If you look at the rapidly expanding collection of profiles that IHE are producing, there is much heterogeneity, particularly in information structures and terminologies. They are, as I imply in my article, building silos. Silos that will be hard to destruct when the time comes to share information across the health domains covered by them. If we try to put all this information together, what will we get? We’ll get a dog’s breakfast. That’s what we’ll get. That’s not interoperability in my book!
With IHE, there is no overarching information architecture. There is no engineering. Perhaps there will be quick wins.

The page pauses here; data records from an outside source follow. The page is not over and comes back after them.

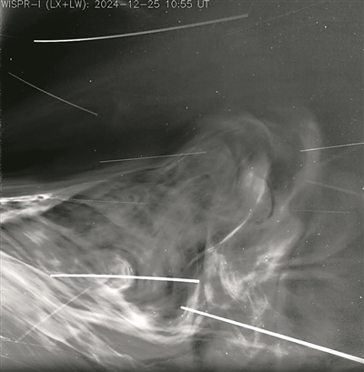 “帕克”探測器於2018年發射升空,任務是深入研究太陽外層大氣——日冕。去年12月24日,它飛至距離太陽表面約610萬公里處,這是人類探測器首次進入太陽大氣內部運行。此次飛行中,“帕克”利用其寬視場成像儀拍攝了大量高清圖像,記錄了太陽日冕結構及太陽風的釋放過程。
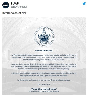 Ambas universidades a las que asistían los jóvenes de no más de 25 años sentenciaron los acontecimientos. Por su parte la BUAP escribió:
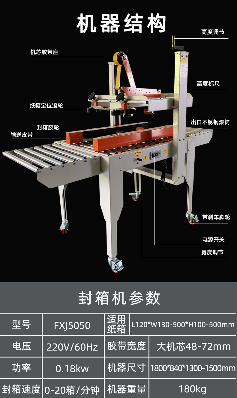 為您介紹一款功能強大、操作簡便的封箱機。首先,這款封箱機采用了先進的自動控制技術,只需通過操作面板上的按鈕,即可實現封箱動作,無需繁瑣的操作步驟。同時,該封箱機還具備多種封口方式,如熱熔封口、膠帶封口等,滿足不同產品的需求。
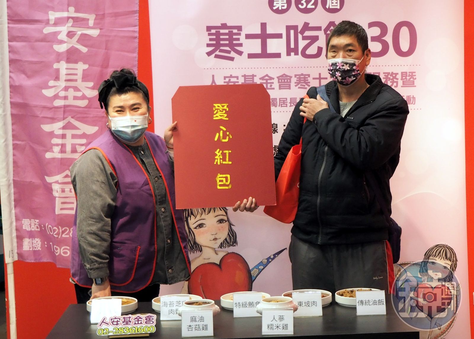 林美秀將年禮及應急紅包親手交給寒士阿偉。(人安基金會提供)發布時間:2022.01.19 18:54 臺北時間
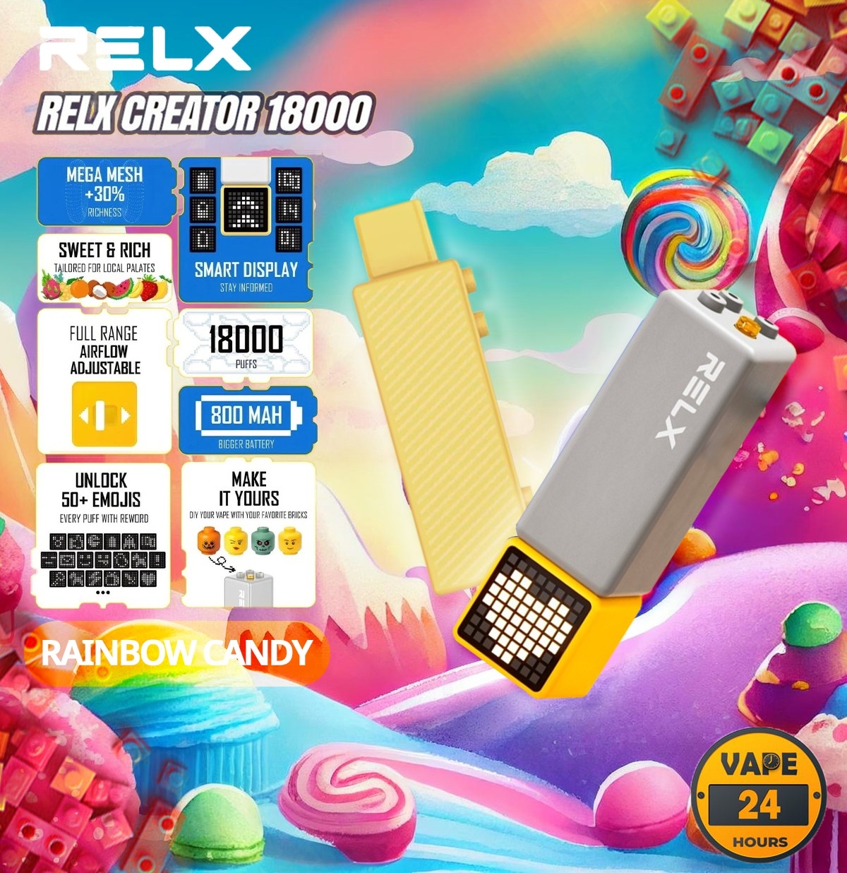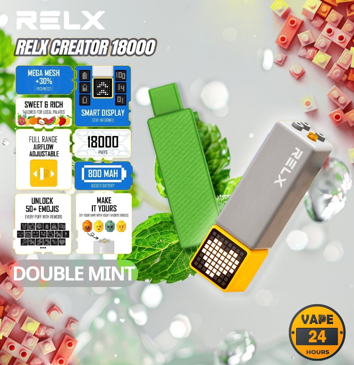 Relx Creator 18000 Puffs เป็นพอตใช้แล้วทิ้ง รุ่นใหม่ล่าสุด มาพร้อมกับ นวัตกรรม Mega Mesh รีดกลิ่นของน้ำยา ได้ชัดเจนมากกว่า แถมยังสามารถสูบได้ถึง 18000 คำเลยทีเดียว สามารถเปลี่ยน หัวน้ำยา Pod ได้อีกด้วย แถมยังมีหน้าจอแสดงผล ที่มีหน้าอีโมจิถึง 50 แบบเลย และ ยังแสดงสถานะ แบตเตอรี่ ได้ชัดเจนมากๆ มาพร้อมกับ รสชาติ ที่มีให้เลือกถึง 8 รสชาติเลย กลิ่นชัด ควันตูมๆแน่นอน
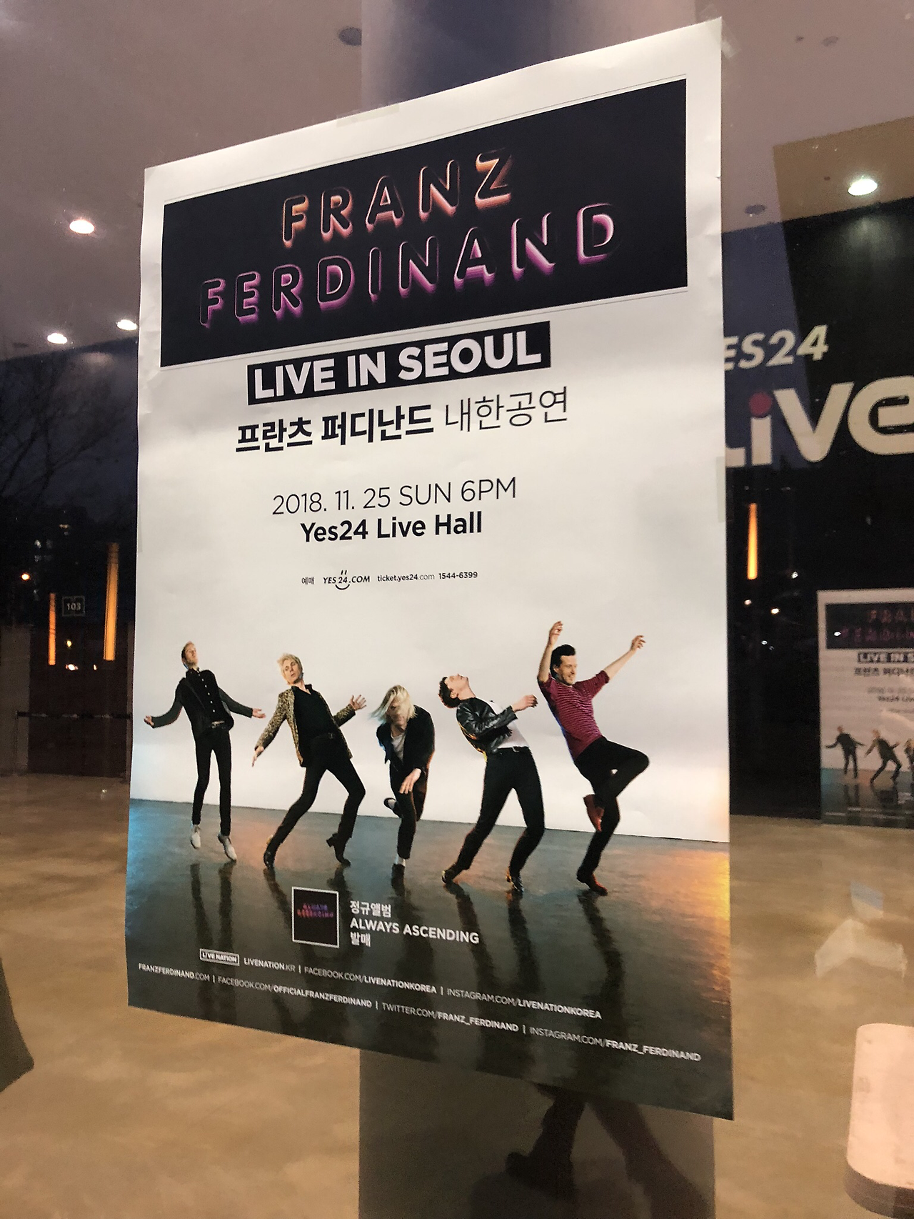 11월 25일 예스 24 라이브 홀을 향하는 도중 들은 예언은 놀랍도록 정확했다. 세 번째 내한 공연을 가진 스코틀랜드 글래스고 출신 프란츠 퍼디난드(Franz Ferdinand)는 일요일 저녁을 가득 채운 ‘새천년의 로큰 롤러’들에게 녹슬지 않은 개러지 댄스 록의 리듬 폭격을 가했다. 선택지는 세 가지뿐이었다. 춤추거나, 미친 듯 점프하거나, 그리고 소리 지르거나.
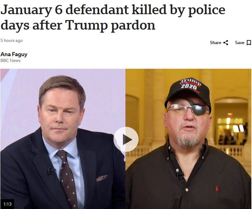 Помилованный президентом США Дональдом Трампом участник штурма Капитолия был убит через несколько дней после освобождения.
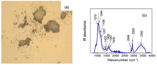 (a) Photomicrograph, in white reflected light, of sample AZR1, relative to the blue pigmented area, after being pressed with the DAC device. (b) SR-FTIR spectrum (average ± standard deviation) taken from the blue pigmented area of sample AZR1. The average spectrum (blue line) has been obtained averaging 8 sampled points within the bluer areas shown in (a). Standard deviation of the spectrum is graphically represented as a light grey shadowed area.

Perhaps by adopting their profiles it will be easier for industry to send their data in a consistent fashion for each particular domain.
But ultimately, the test will be if the information can be successfully, reliably and safely reused, not whether (as is IHE’s prime focus) it can be transported once between A and B for a specific short term purpose.
I’ve generalised above when talking about IHE, because their products are a collection of separate and diverse things. It is hard to do justice to the arguments, let alone begin to try to answer your question in a short blog comment. I think its a great discussion to have, and to have broadly and openly ( and not just somewhere deep in the bowels of NEHTA!). That will give plenty of opportunity for those who wish to do so, to say things like “perfection is the enemy of the good”, or “at least with IHE we can move forward” or ….
It is only right and sensible that these and many other views can be aired and shared. That’s what we would have in a democracy. It’s just so much harder when we only have an authority.